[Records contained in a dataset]
= = = =
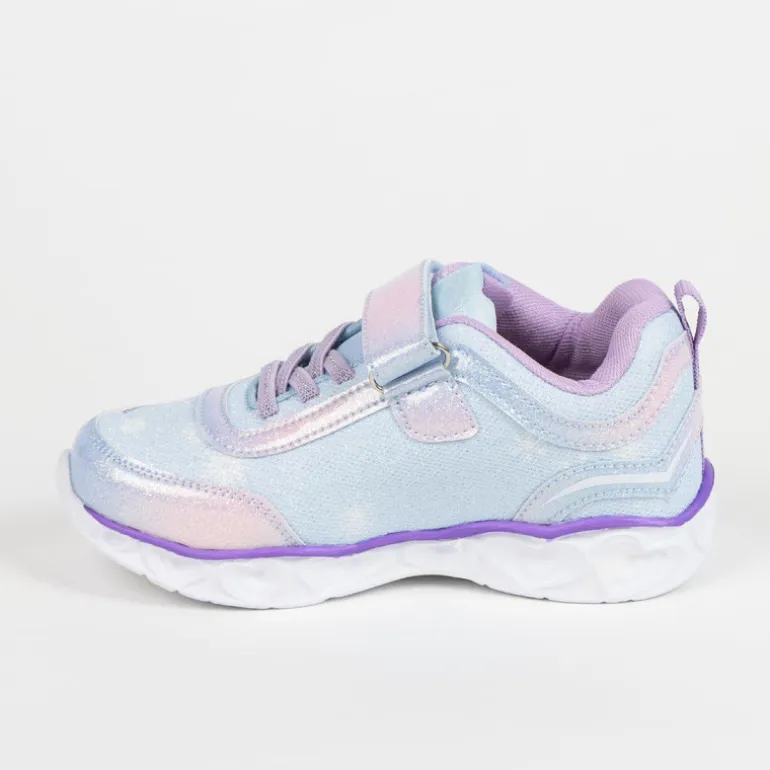 Descubre la mágica Deportiva Suela Ligera EVA con Luces Frozen, diseñada especialmente para los pequeños amantes de la famosa película. Estas zapatillas destacan por su encantador diseño en tonos azul y lila, con un acabado brillante que captura la esencia del reino de Arendelle.
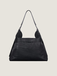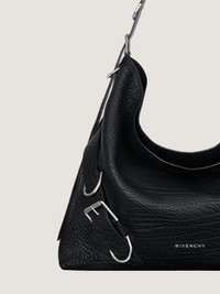 - Large crossbody bag in grained calfskin leather. - Voyou line. - V-shaped slouchy silhouette. - Adjustable shoulder strap offering crossbody or shoulder carrying. - GIVENCHY signature embossed on the front of the bag and on the top of the shoulder strap. - Oversized GIVENCHY engraved metal sliding buckles to adjust the volume of the bag. - Old silvery-finish metal details. - One main compartment. - One inside zipped pocket. - Cotton lining.
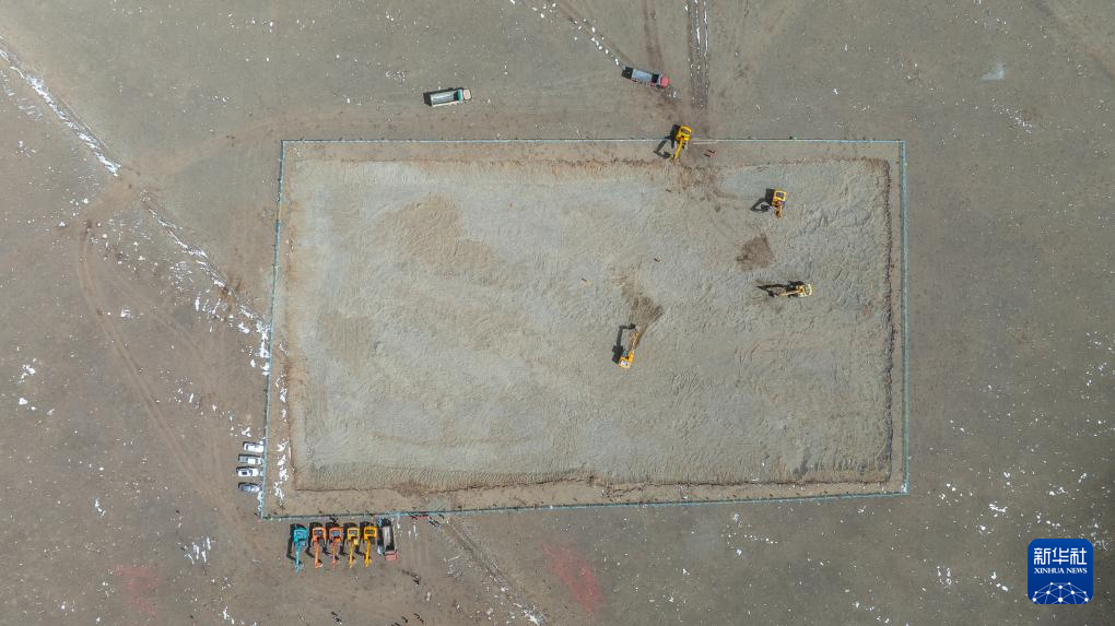这是中广核西藏当雄乌玛塘50兆瓦光热电站破土动工现场(4月6日摄,无人机照片)。4月6日上午,中广核西藏当雄乌玛塘“光热+光伏”一体化项目中的50兆瓦光热电站在拉萨市当雄县乌玛塘乡正式开工建设。据中广核光热技术型号首席专家尹航介绍,该项目场址海拔4550米,是目前全球海拔最高的槽式光热电站。新华社记者 丁增尼达 摄
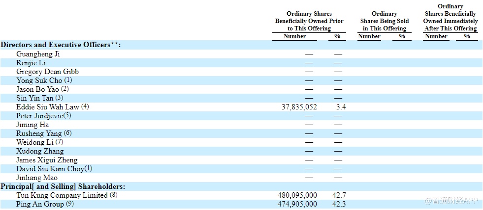 招股说明书显示,在本次IPO之前,董事Eddie Siu Wah Law持有公司3.4%股权,Tun Kung Company Limited持有42.7%股权,平安集团持有42.3%股权。
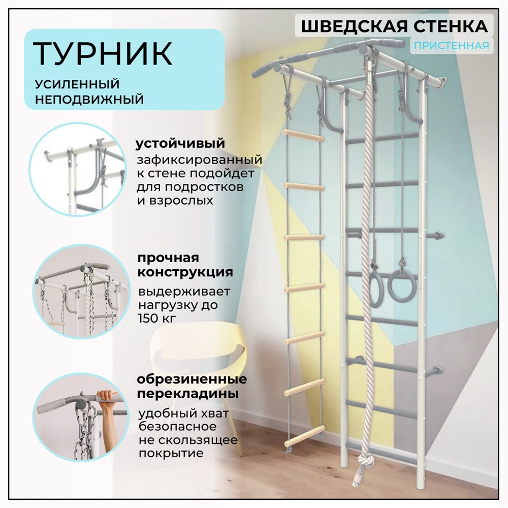 Усиленный неподвижный турник - крепится напрямую к стене, что повышает его устойчивость и несущую способность.
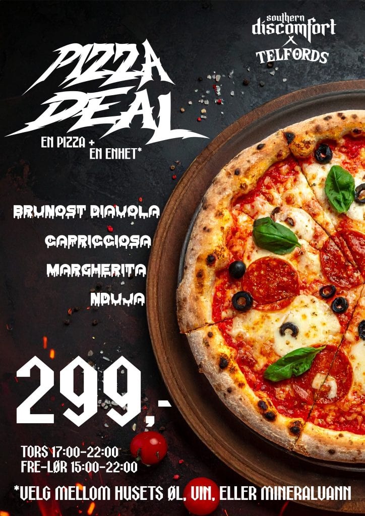 Trenger du å prime motoren før festival? Mellom klokken 15 og 22 fredag og lørdag (og 17-22 torsdag) får du en enhet drikke fra standardutvalget og en håndverkspizza på Telfords til kun kr 299,-. Pizzaene kommer fra restaurant Grenseløs, og du må gjøre ditt beste for å velge mellom Nduja, Capricciosa, Margherita og såklart deres legendariske Brunost Diavola. Du kan velge mellom pils, mineralvann og husets røde eller hvite til maten.
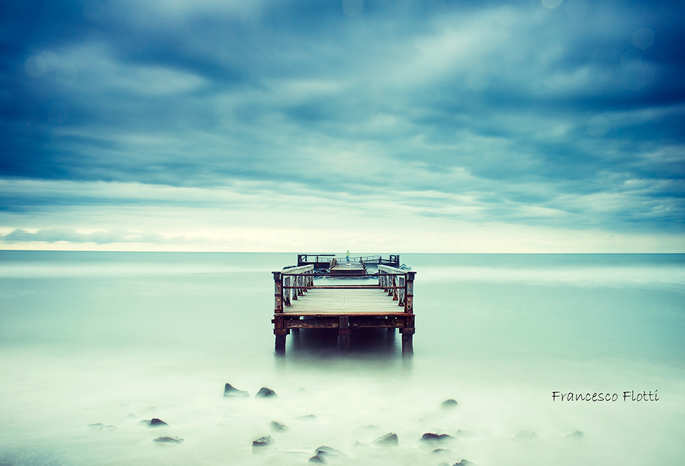 | Bella immagine colo molo solitario che sembra sbucare e reggersi sul nulla; opinabile la scelta di far coincidere la linea dell'orizzonte con il margine superiore dello stesso. Personalmente avrei dato meno ciano. |
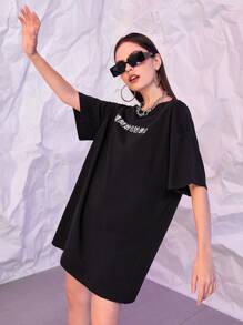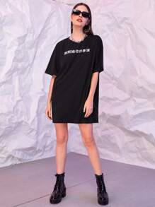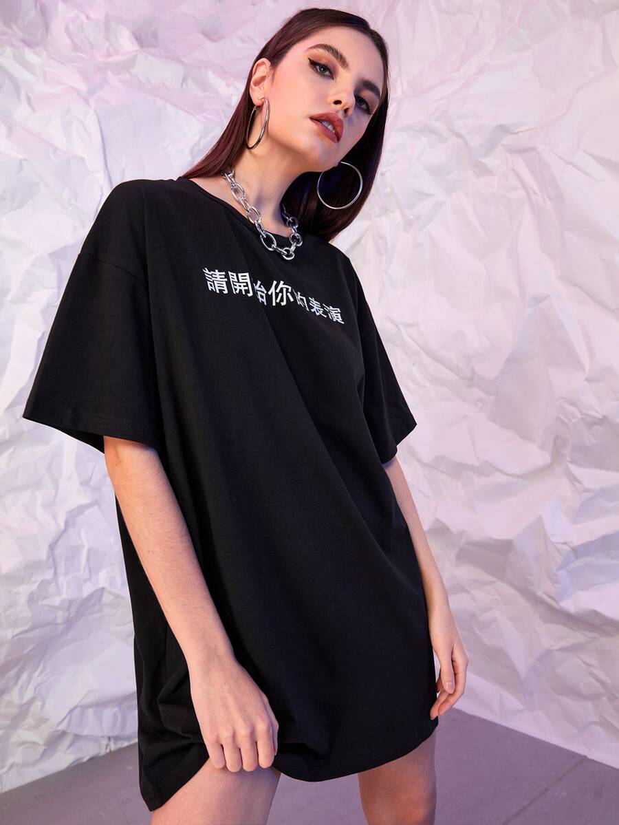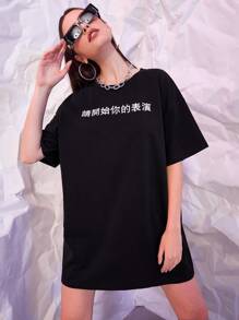 T-Shirt Kleid mit chinesischen Schriftzeichen Muster
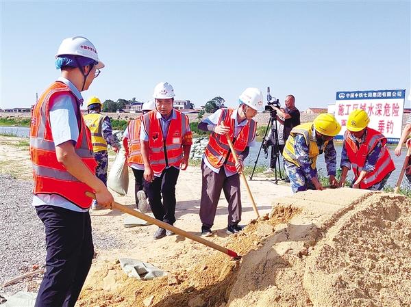 本报讯 (记者 牛思光 文/图) 6月9日下午,在平漯周高铁跨贾鲁河特大桥施工现场,一场在建高速铁路项目防汛应急救援演练正在举行。演练由河南高速铁路有限公司主办,中铁七局平漯周高铁站前八标项目经理部、北京铁研平漯周高铁监理八标项目部承办。
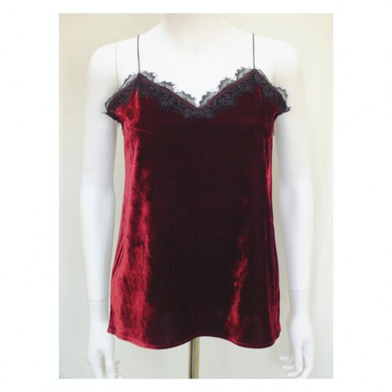 Стильна оксамитова майка з мереживом (топ на тонких бретелях).
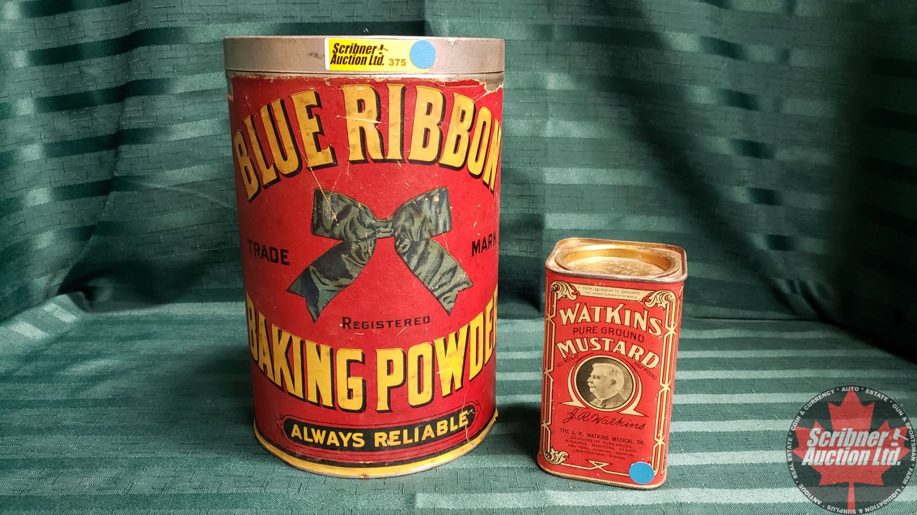 Blue Ribbon Baking Powder Tin & Watkins Mustard Tin
= = = =
• _About this exercise_: The full data, repeated exactly and stripped of its pictures, is the expected answer.

• _Solution_:
 Descubre la mágica Deportiva Suela Ligera EVA con Luces Frozen, diseñada especialmente para los pequeños amantes de la famosa película. Estas zapatillas destacan por su encantador diseño en tonos azul y lila, con un acabado brillante que captura la esencia del reino de Arendelle.
 - Large crossbody bag in grained calfskin leather. - Voyou line. - V-shaped slouchy silhouette. - Adjustable shoulder strap offering crossbody or shoulder carrying. - GIVENCHY signature embossed on the front of the bag and on the top of the shoulder strap. - Oversized GIVENCHY engraved metal sliding buckles to adjust the volume of the bag. - Old silvery-finish metal details. - One main compartment. - One inside zipped pocket. - Cotton lining.
这是中广核西藏当雄乌玛塘50兆瓦光热电站破土动工现场(4月6日摄,无人机照片)。4月6日上午,中广核西藏当雄乌玛塘“光热+光伏”一体化项目中的50兆瓦光热电站在拉萨市当雄县乌玛塘乡正式开工建设。据中广核光热技术型号首席专家尹航介绍,该项目场址海拔4550米,是目前全球海拔最高的槽式光热电站。新华社记者 丁增尼达 摄
 招股说明书显示,在本次IPO之前,董事Eddie Siu Wah Law持有公司3.4%股权,Tun Kung Company Limited持有42.7%股权,平安集团持有42.3%股权。
 Усиленный неподвижный турник - крепится напрямую к стене, что повышает его устойчивость и несущую способность.
 Trenger du å prime motoren før festival? Mellom klokken 15 og 22 fredag og lørdag (og 17-22 torsdag) får du en enhet drikke fra standardutvalget og en håndverkspizza på Telfords til kun kr 299,-. Pizzaene kommer fra restaurant Grenseløs, og du må gjøre ditt beste for å velge mellom Nduja, Capricciosa, Margherita og såklart deres legendariske Brunost Diavola. Du kan velge mellom pils, mineralvann og husets røde eller hvite til maten.
 | Bella immagine colo molo solitario che sembra sbucare e reggersi sul nulla; opinabile la scelta di far coincidere la linea dell'orizzonte con il margine superiore dello stesso. Personalmente avrei dato meno ciano. |
 T-Shirt Kleid mit chinesischen Schriftzeichen Muster
 本报讯 (记者 牛思光 文/图) 6月9日下午,在平漯周高铁跨贾鲁河特大桥施工现场,一场在建高速铁路项目防汛应急救援演练正在举行。演练由河南高速铁路有限公司主办,中铁七局平漯周高铁站前八标项目经理部、北京铁研平漯周高铁监理八标项目部承办。
 Стильна оксамитова майка з мереживом (топ на тонких бретелях).
 Blue Ribbon Baking Powder Tin & Watkins Mustard Tin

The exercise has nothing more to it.